In our August 15, 2009 post, we looked at a companion case to the next one, where defendants lost an appeal of an award of attorney’s fees to plaintiffs when defendants were found to have brought a frivolous anti-SLAPP motion to a legal malpractice action filed by plaintiffs. Defendants also lost an anti-SLAPP motion in a companion case, again hit with $11,558.25 in attorney’s fees for having brought a frivolous motion. Defendants appealed again.
Same result, unfortunately for them, in Brooks-Wellington, Ltd. v. Grantham, Case No. E045673 (4th Dist., Div. 2 Aug. 17, 2009) (unpublished).
Defendants raised many of the same arguments as surveyed in our August 15, 2009 post, and were unsuccessful again. That was the bad news.
The good news is that they were victorious on one argument, although it was a “paper” win at best. The trial court ordered the fees paid to plaintiff’s attorney. On appeal, the appellate panel recognized that Code of Civil Procedure section 425.16(c) only allows an award to a prevailing party rather than ordering payment directly to that party’s attorney.

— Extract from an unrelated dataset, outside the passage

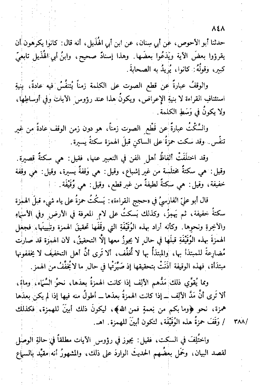 قَالَ أَبُو عَليّ الْفَارِسِي فِي حجيج الْقِرَاءَة يسكت حَمْزَة على يَاء شَيْء قبل الْهمزَة سكتة خَفِيفَة ثمَّ يهمز وَكَذَلِكَ يسكت على لَام الْمعرفَة فِي الأَرْض وَفِي الْأَسْمَاء وَالْآخِرَة وَنَحْوهَا وَكَأَنَّهُ راد بِهَذِهِ الوقيفة الَّتِي وَقفهَا تَحْقِيق الْهمزَة وتبيينها فَجعل الْهمزَة بِهَذِهِ الوقيفة قبلهَا فِي حَال لَا يجوز مَعهَا إِلَّا التَّحْقِيق لِأَن الْهمزَة قد صَارَت مضارعة للمبتدأ بهَا والمبتدأ بهَا لَا تخفف أَلا ترى أَن أهل التَّخْفِيف لَا يخففونها مُبتَدأَة فَهَذِهِ الوقيفة آذَنت بتحقيقها إِذْ صيرتها فِي حَال مَا لَا يُخَفف من الْهَمْز

The bad news is that the judgment was modified so that fees were directed to be paid to plaintiff, not its attorney. So, the end result was same bad news for defendants—they were out the same money, only to their opponents.
The only true good news is that the appellate court ordered each side to bear their own costs on appeal, better than the result gained by defendants in the prior companion case.